By Kristy Gherlone
Adirondack leaves in the early springtime were always the happiest.
Their parents, pregnant with new budding youngsters, finally released them, sending them off with a loving snap and a reminder to behave.
They’d rustle off in search of mischief, dying with curiosity to explore the places they’d only heard about from the gossiping birds.
They’d skip down to the still frozen, glassy lake, tripping and twisting over one another to be the first on the ice. They would chase around calling ‘You’re it!’, while whipping up and down and side to side to avoid capture.
One year, a small fellow, a bit too eager, slid unceremoniously into a watery hole and couldn’t get out.
The wind, thoroughly enjoying the game and not ready to see it end, took pity on him and lifted him in one big gentle huff, setting him free again.
The little leaf laughed, his heart racing as the others, in hot pursuit, tried to catch him.

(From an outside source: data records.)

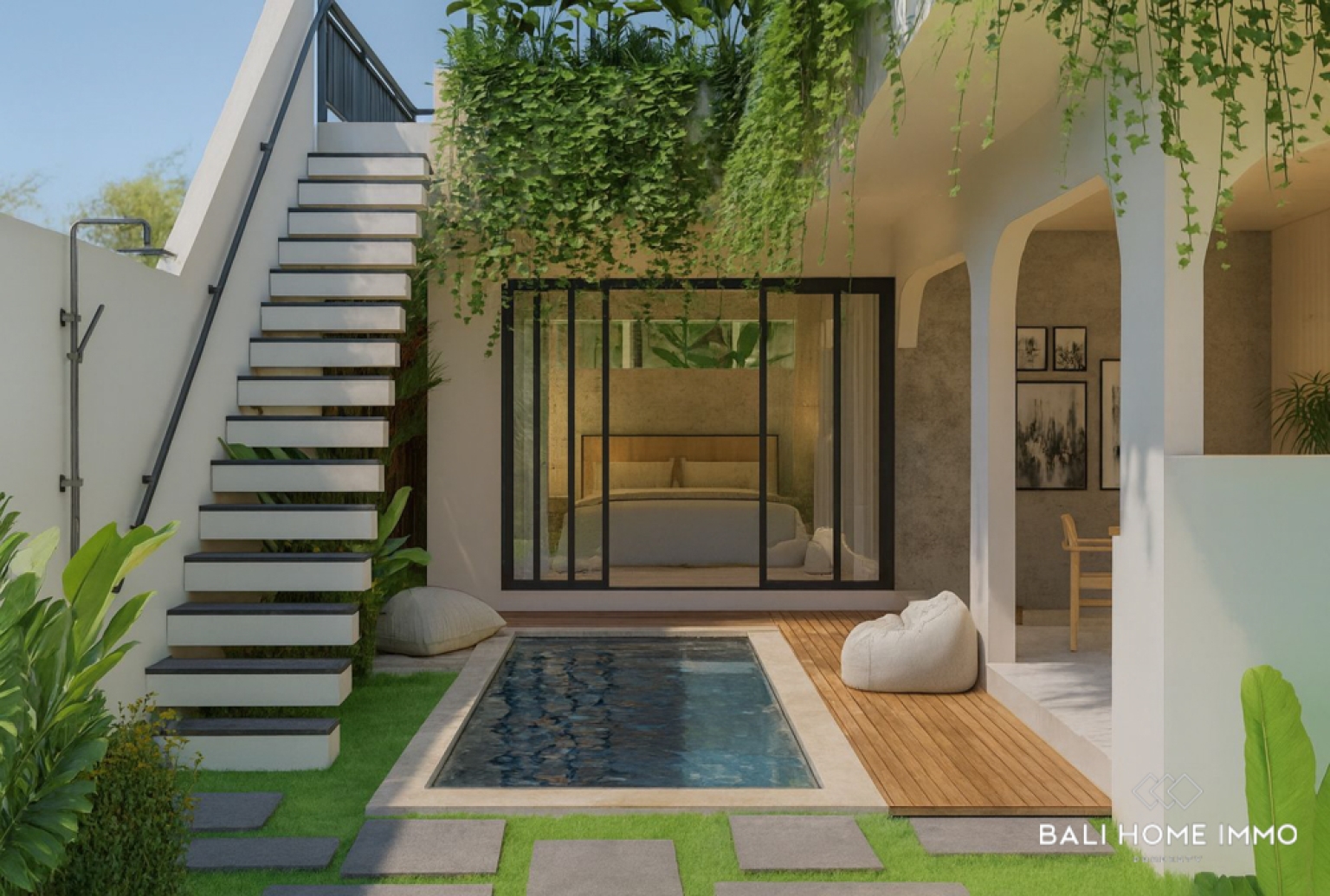 Designed in a sleek modern minimalist style, the property is complemented by a private swimming pool, providing a peaceful setting to relax and enjoy the tropical surroundings. Large glass openings invite natural light and offer a smooth indoorโoutdoor flow, making the villa feel spacious and inviting despite its compact footprint.
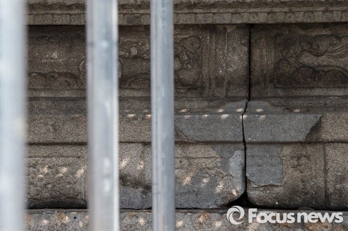 (서울=포커스뉴스) 22일 오후 서울 경복궁 국립고궁박물관 앞뜰에 해체를 앞둔 국보 제101호 법천사지 지광국사탑이 보이고 있다.
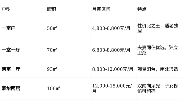 隽芳华采用"押金+月费+护理费"灵活模式,价格透明,无隐形消费
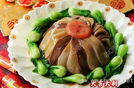 4、用一个比碗大的碟子盖住整个碗,把碗反扣过来,把蒸出来的汁水倒出来留着备用,取掉碗,半成品就是一个比较好看的圆形了,然后烫几条青菜做围边,另外用刚才留出的汁水+蚝油+盐+糖+生粉+水做一个比较稠的芡汁淋在成品上即可。

He somersaulted in the air, twisting back in the other direction and scampered out of reach.
Growing bored of that play eventually, they’d go snooping under porches and poking around under the fat old pine bushes.
Inevitably, they’d make a nuisance of themselves with all that giggling and get evicted. Pushed back out into the world, they’d scatter every which a way, fluttering off in search of new interests.
They take to the fields, frightening the deer with their antics, sending them prancing off with warning stomps.
They’d rush into the farmer’s yard, gathering in noisy clusters until he threatened them with the rake.
When the season grew late, they’d find themselves quite tired. Yawning, they would look for a quiet place to settle in. The warming earth would welcome them.
With tender fingers, she’d hold them in a soothing embrace as they drifted off to sleep. They dreamt of new adventures, never knowing that they wouldn’t wake to play again.